A screenshot of the EtherWrapped "year in review" pageAn EtherWrapped "year in review" page (attribution)
A token called $YEAR invited people to connect their crypto wallets and see a "year in review"-style summary of their 2021 crypto and NFT transactions, with an airdropped token reward based on their activity level. Some community members audited the contract to look for signs of a scam, but missed a few lines of code that enabled the creator to prevent people from selling the token. With people only able to buy the token (on secondary exchanges) but not sell, the price rose, encouraging others to buy in. Only 30 minutes after locking people out of selling, the creator drained the liquidity pool of 59.7 ETH (about $225,000), dropping the coin's value to 0.

Traders duped out of $1.8 million in a fake MetaMask governance token scheme

A listing for MASK on DEXTools, showing a blue checkmark by the nameSpoofed verification badge on DEXTools (attribution)
Scammers took advantage of rumors that MetaMask, a popular Ethereum wallet, would be airdropping governance tokens.

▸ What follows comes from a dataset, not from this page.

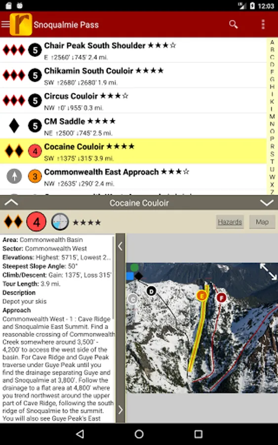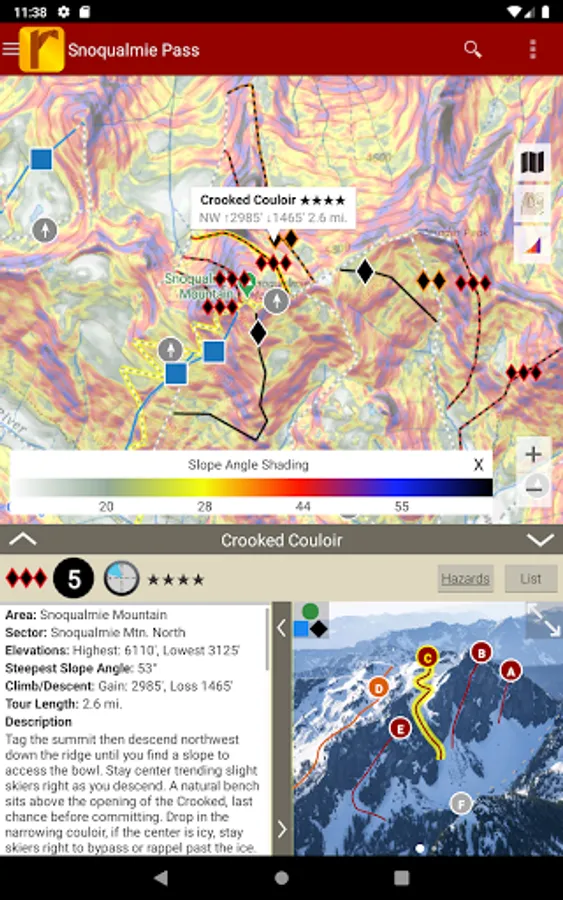 Browse climbs and ski descents on a map or in the list format of your choice, filter and search in seconds, then navigate using your phone's GPS with a single tap. The app navigates you through the trail system to your climb, turn by turn, and tracks your backcountry snow adventures with offline topo maps and slope angle shading.

The scammers created a fake MetaMask token, $MASK, and managed to inject code into the popular DEXTools trading app to show the token as verified. The token reached over $9 million in traded volume before scammers pulled the liquidity, making off with about $1.8 million worth of Ethereum.

MetaSwap Gas project rugpulls about $600,000

1,100 BNB, or around $600,000, were transferred out of the MetaSwap token MGAS, dropping the price of the token nearly 50%. The funds went to a Tornado Cash account, a popular cryptocurrency tumbler. After the transfer, MetaSwap Gas social media accounts were deactivated.

MetaDAO project rugpulls for more than $3.2 million

A project that promised to be "the DAO of DAOs" managed to accumulate and then make off with 800 ETH, which was worth around $3.2 million at the time of the scam. The project creators took the invested tokens and quickly tumbled them using Tornado Cash.